The amenability of any sample processing workflow to quantitative analysis is critically important, as most researchers will seek to compare changes in BALF protein abundance between different conditions. As such, we carried out a demonstration study using some of the samples from Table 1 to test repeatability of the workflow. We used the isobaric Tandem Mass Tags (TMT) reagents for multiplexed quantitative analysis(35). Proteins isolated from two different BALF samples (called here Test 1 and Test 2) were divided into two equal parts and taken through the protein depletion and clean-up steps of the workflow. The peptides from these test samples (5 micrograms per sample) were labeled with TMT reagents, as part of a larger testing experiment using the 16-plex TMTPro labeling kit and fractionated using offline high pH HPLC.
Table 2 shows results from the replicate TMT-labeled (Test 1 and Test 2) BALF samples. We found that samples divided into equal amounts prior to protein depletion had average protein ratios close to 1, with acceptable CVs for untargeted isobaric tagging experiments demonstrating reproducibility of our workflow. Across the entire 16plex TMT experiment, we identified with high confidence 1844 protein groups from 24306 peptides. Supplementary Table 2 shows the complete set of protein identification results from this TMT-based experiment, and the quantitative analysis of the Test 1 and Test 2 replicate samples.
Table 2
Results from a demonstration TMT-based quantitative repeatability experiment in BALF samples using our sample preparation workflow.
Finally, we also tested the effectiveness of handling samples that yield lower amounts of protein prior to LC-MS/MS analysis. Here, individual BALF samples with very small starting sample sizes (1-10 mL) yielded very low amounts of recovered digested peptides, in some cases only about 1 microgram. To demonstrate the amenability of our workflow to in-depth, quantitative analysis using TMT labeling, we adapted a microscale labeling(36) and fractionation method(37, 38). Here, to minimize sample handling steps the peptides are labeled while bound to C18 stationary phase. In this way, each of 16 separate samples with starting peptide amounts of 1 microgram each were subjected to TMT labeling, followed by microscale high pH fractionation (referred to here as “microfractionation”) resulting in 9 fractions for LC-MS/MS analysis. Table 3 shows the results from this analysis, comparing the effects of direct analysis on this sample compared to adding microfractionation on numbers of peptides and proteins identified. Here, results from three different 16-plex, TMT-labeled groups of samples were compared using either no fractionation or microfractionation, with average peptides and proteins identified across these different groups. Microfractionation increased the depth of protein identification significantly, by approximately 2-fold. Supplementary Table 3 shows the number of proteins identified within one of these 16-plex TMT labeled group of samples.
Table 3
Amenability of the workflow to material-limited samples and the effects of microfractionation on increasing depth of peptide and protein identification.

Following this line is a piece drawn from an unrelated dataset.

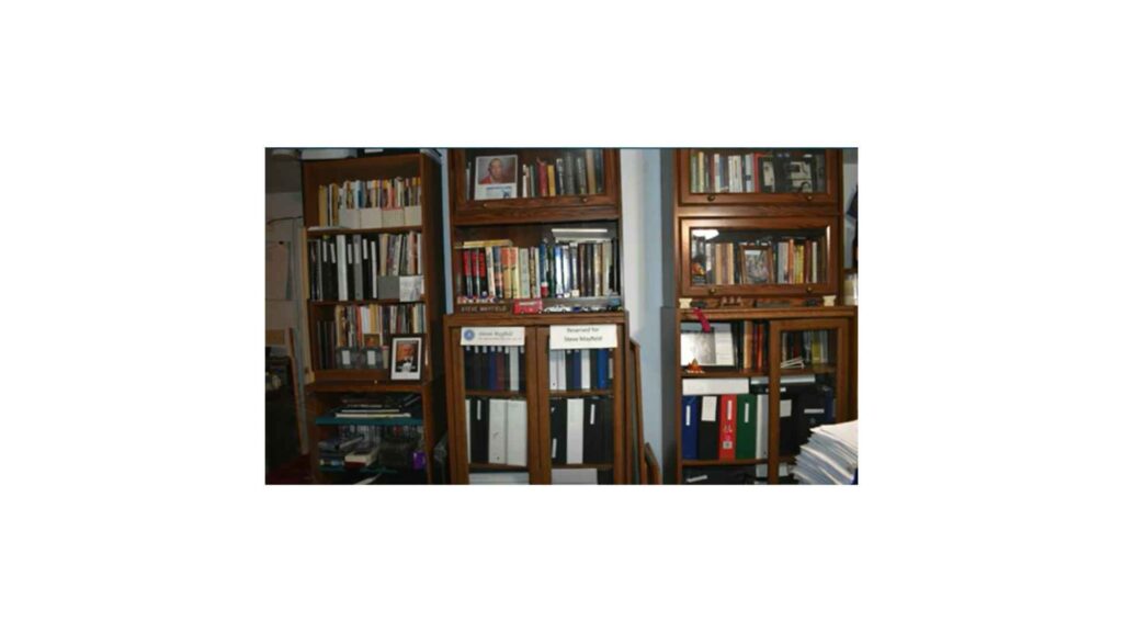 Steve’s Hofmann collection, I might add that Steve has a huge collection overall and a good portion of it is now at Brigham Young University and the rest will go there eventually. But his Hofmann collection alone includes three bookcases as you can see, 30 to 40 binders, and 25 boxes of material.

Our results demonstrate the effectiveness of our workflow for preparing samples for a wide variety of proteomic studies in BALF samples. BALF is a commonly collected clinical specimen, rich in biomolecules, and valuable for molecular characterization of lung disease and health. Proteins are a main component of BALF(9, 10, 21) making this sample type a prime target for MS-based proteomic analysis. However, the small sample volume, potential for contaminants and suppression by high abundance proteins is known to limit many researchers in their attempts to analyze BALF(23). Here, we present a robust workflow for processing BALF that overcomes these limitations.